(Task instructions) Give back, word for word, the lines in the listing below from the one holding "سوار ساعة رياضي" down to the one holding "战士们正在擦拭梅地亚中心外的围挡。 中国青年网记者 隗功臣摄", both ends included.

─── Materials provided ───

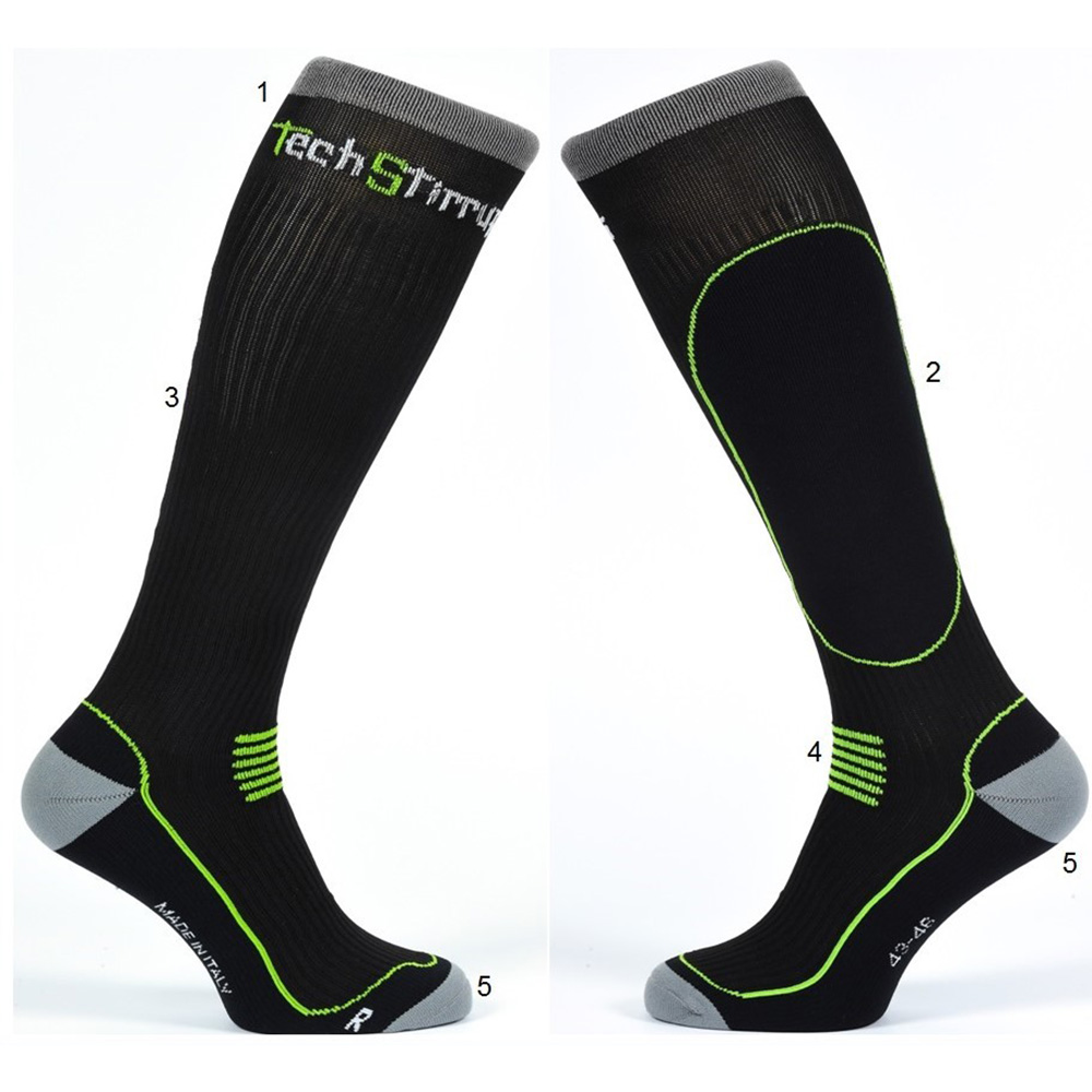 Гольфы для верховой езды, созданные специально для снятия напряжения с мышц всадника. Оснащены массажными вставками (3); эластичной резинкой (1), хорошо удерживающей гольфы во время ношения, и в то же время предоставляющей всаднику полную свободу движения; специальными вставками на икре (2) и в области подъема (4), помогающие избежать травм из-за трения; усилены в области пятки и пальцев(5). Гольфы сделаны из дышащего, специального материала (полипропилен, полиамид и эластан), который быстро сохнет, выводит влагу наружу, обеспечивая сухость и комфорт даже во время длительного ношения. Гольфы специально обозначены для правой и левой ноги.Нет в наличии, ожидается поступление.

───
─── Materials provided ───

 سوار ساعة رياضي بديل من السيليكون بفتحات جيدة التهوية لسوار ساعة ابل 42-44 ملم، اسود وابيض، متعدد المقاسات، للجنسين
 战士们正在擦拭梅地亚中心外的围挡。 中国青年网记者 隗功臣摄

───
─── Materials provided ───

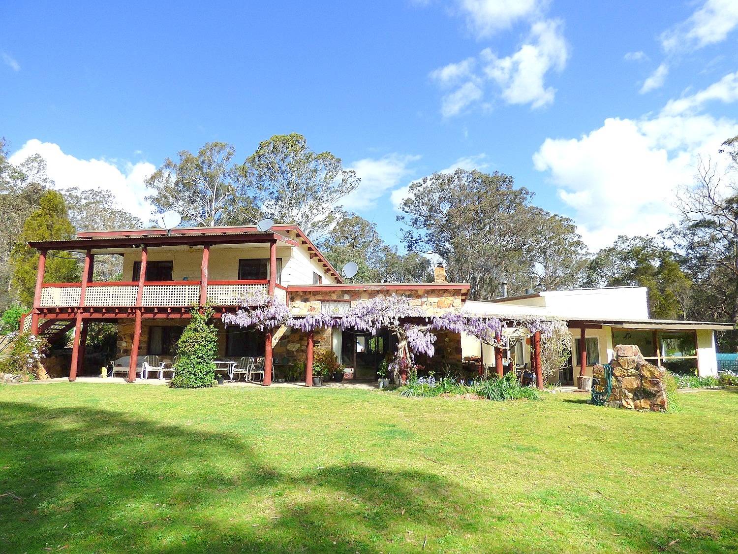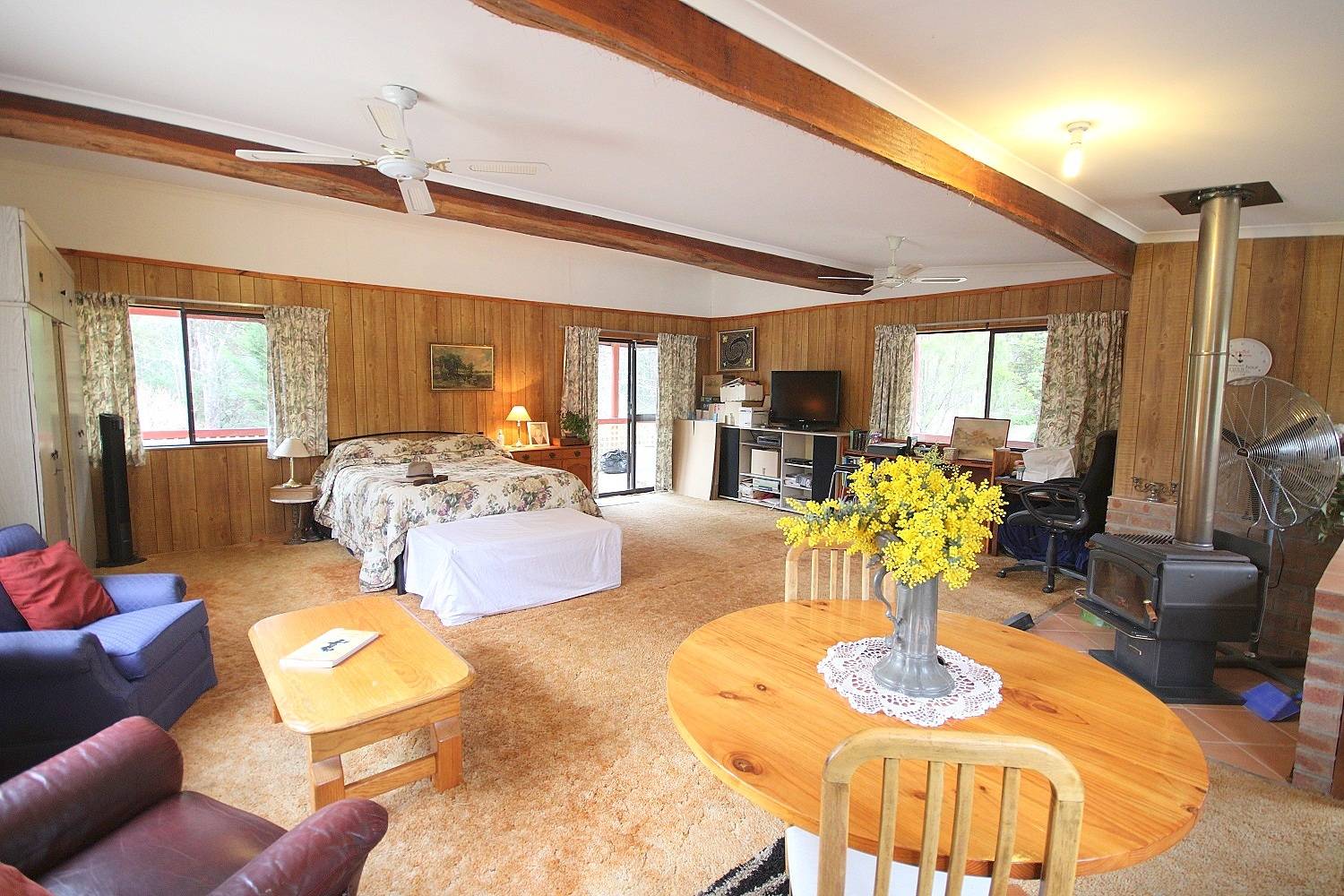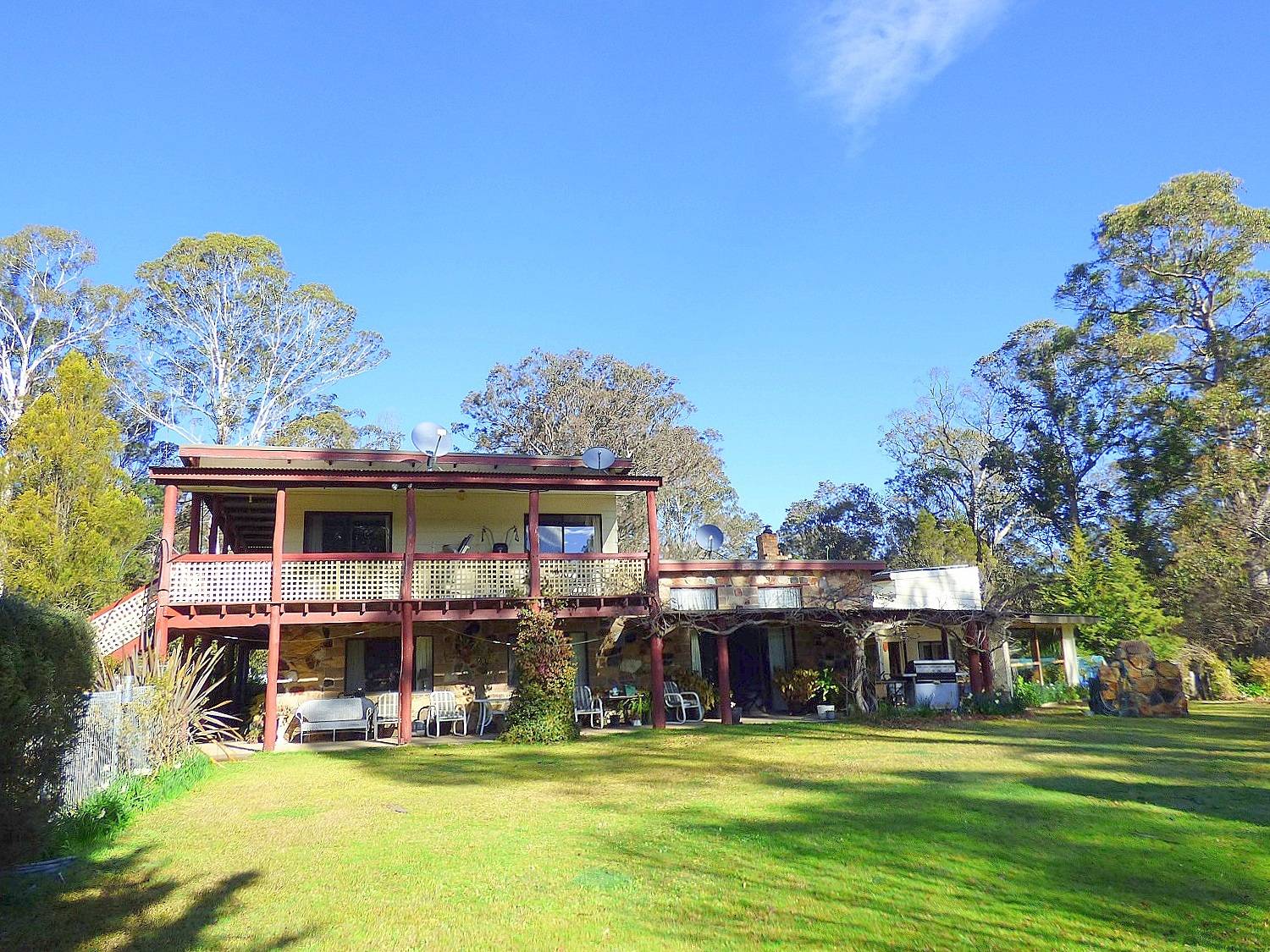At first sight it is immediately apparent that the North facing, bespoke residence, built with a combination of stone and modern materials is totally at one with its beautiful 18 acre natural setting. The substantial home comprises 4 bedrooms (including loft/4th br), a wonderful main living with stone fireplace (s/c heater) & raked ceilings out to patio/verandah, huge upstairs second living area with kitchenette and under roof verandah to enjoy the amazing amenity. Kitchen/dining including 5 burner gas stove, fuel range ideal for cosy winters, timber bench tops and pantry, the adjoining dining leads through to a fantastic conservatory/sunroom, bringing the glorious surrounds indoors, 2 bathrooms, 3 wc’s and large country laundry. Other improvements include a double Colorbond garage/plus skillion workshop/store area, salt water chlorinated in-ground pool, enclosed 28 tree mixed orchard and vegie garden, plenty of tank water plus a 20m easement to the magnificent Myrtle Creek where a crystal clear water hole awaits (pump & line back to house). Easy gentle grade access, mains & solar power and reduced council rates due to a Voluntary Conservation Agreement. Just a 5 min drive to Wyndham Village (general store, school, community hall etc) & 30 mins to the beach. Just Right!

───

(Task output)
 سوار ساعة رياضي بديل من السيليكون بفتحات جيدة التهوية لسوار ساعة ابل 42-44 ملم، اسود وابيض، متعدد المقاسات، للجنسين
 战士们正在擦拭梅地亚中心外的围挡。 中国青年网记者 隗功臣摄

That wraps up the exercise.